**EXERCISE OBJECTIVE**
What you return should be the full listing, word for word, without a single image.

**DATA BELOW**
+++++

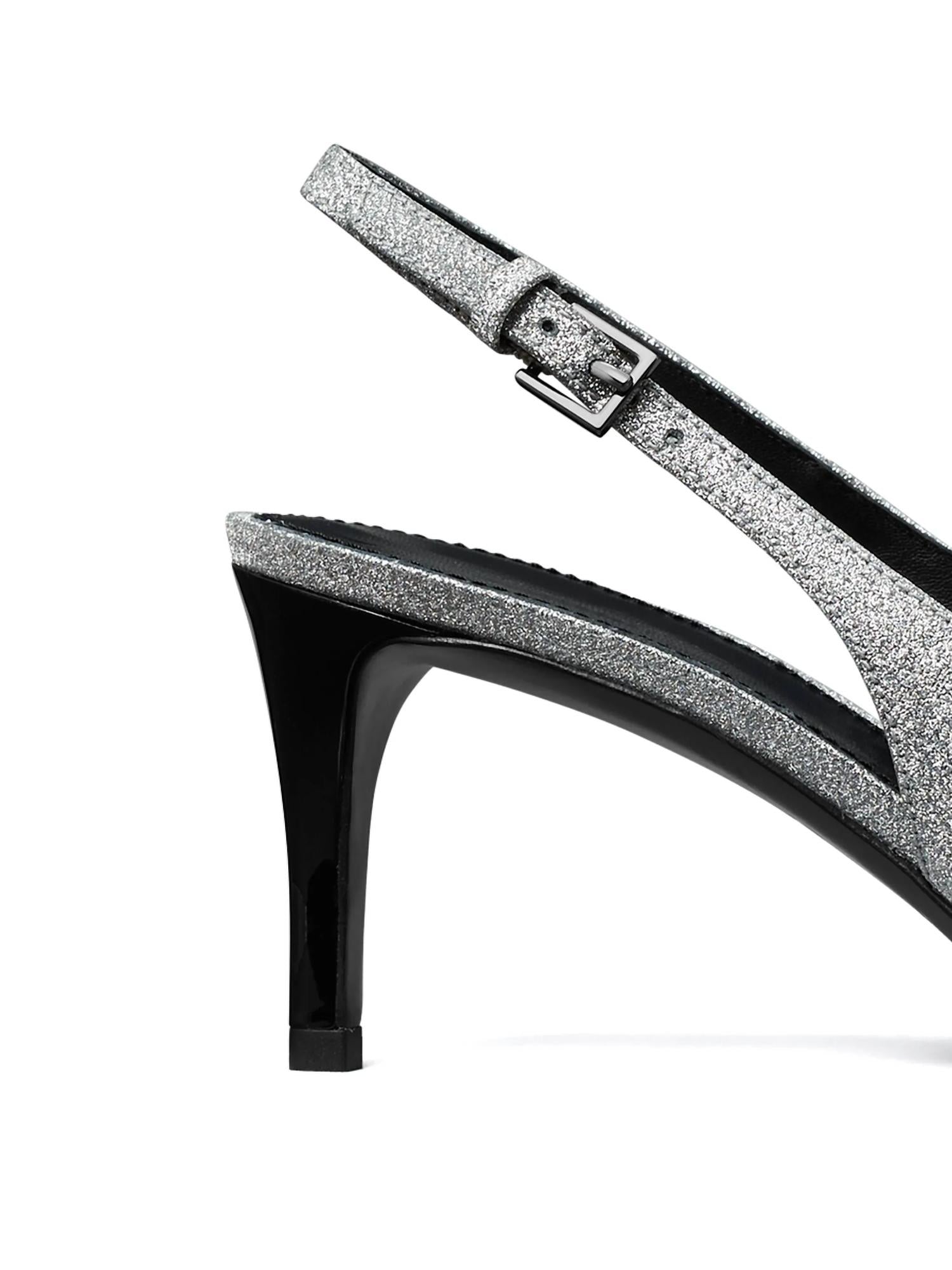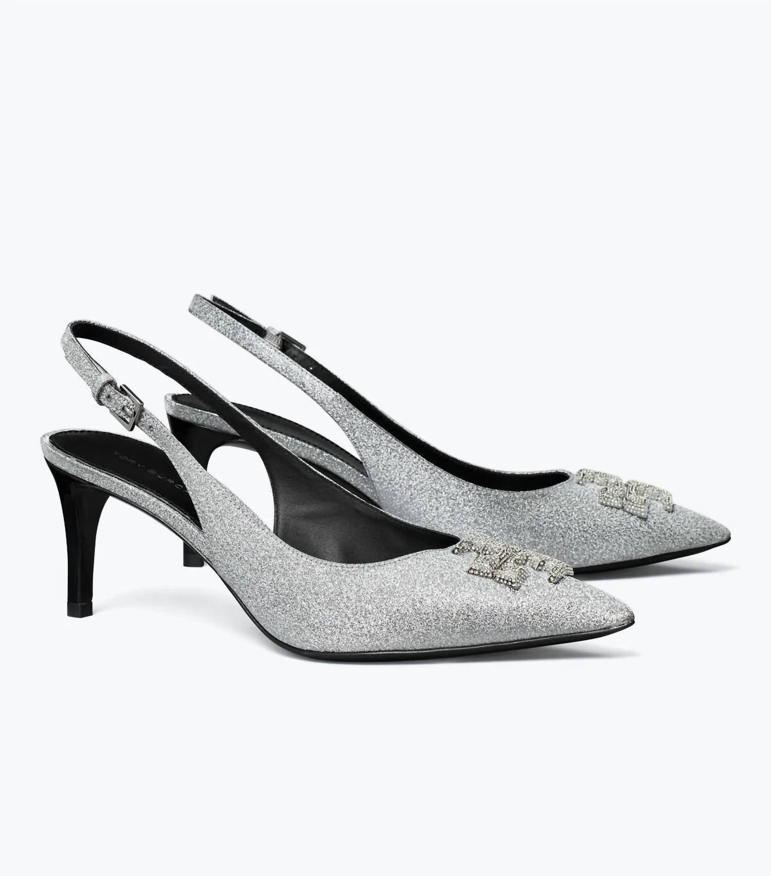 Don't be deceived, these heels are comfy as can be. The Tory Burch 65mm Eleanor pave slingback pumps feature a striking silver-tone design with glitter detailing and crystal embellishments, including a pavé-set crystal Double T motif at the front. The pumps have a pointed toe, a buckle-fastening slingback strap for a secure fit, a high stiletto heel measuring approximately 65mm, and a branded leather insole for comfort. Crafted from 100% calf leather for the sole and lining, with the outer composed of metallic leather and glitter, these pumps combine ornate detailing with premium materials for an elegant look.
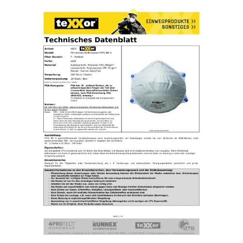 | Variante: | teXXor® Feinstaubmaske FFP2 NR D mit Nasenbügel, weiß |
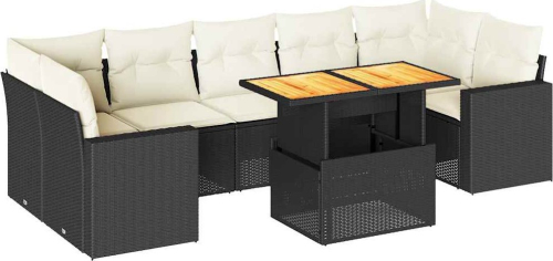 vidaXL 8-cz. zestaw wypoczynkowy do ogrodu, z poduszkami, czarny
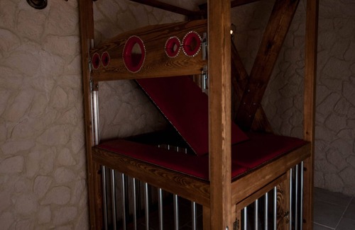 In the basement for more discerning or simply curious couples you will find in a vaulted cellar in exposed stone with studied darkness, a magnificent piece of furniture dedicated to more extreme pleasure and, right next to it, whips and chains. Welcome to a sadomasochistic dungeon.

+++++

**WRITTEN SOLUTION**
 Don't be deceived, these heels are comfy as can be. The Tory Burch 65mm Eleanor pave slingback pumps feature a striking silver-tone design with glitter detailing and crystal embellishments, including a pavé-set crystal Double T motif at the front. The pumps have a pointed toe, a buckle-fastening slingback strap for a secure fit, a high stiletto heel measuring approximately 65mm, and a branded leather insole for comfort. Crafted from 100% calf leather for the sole and lining, with the outer composed of metallic leather and glitter, these pumps combine ornate detailing with premium materials for an elegant look.
 | Variante: | teXXor® Feinstaubmaske FFP2 NR D mit Nasenbügel, weiß |
 vidaXL 8-cz. zestaw wypoczynkowy do ogrodu, z poduszkami, czarny
 In the basement for more discerning or simply curious couples you will find in a vaulted cellar in exposed stone with studied darkness, a magnificent piece of furniture dedicated to more extreme pleasure and, right next to it, whips and chains. Welcome to a sadomasochistic dungeon.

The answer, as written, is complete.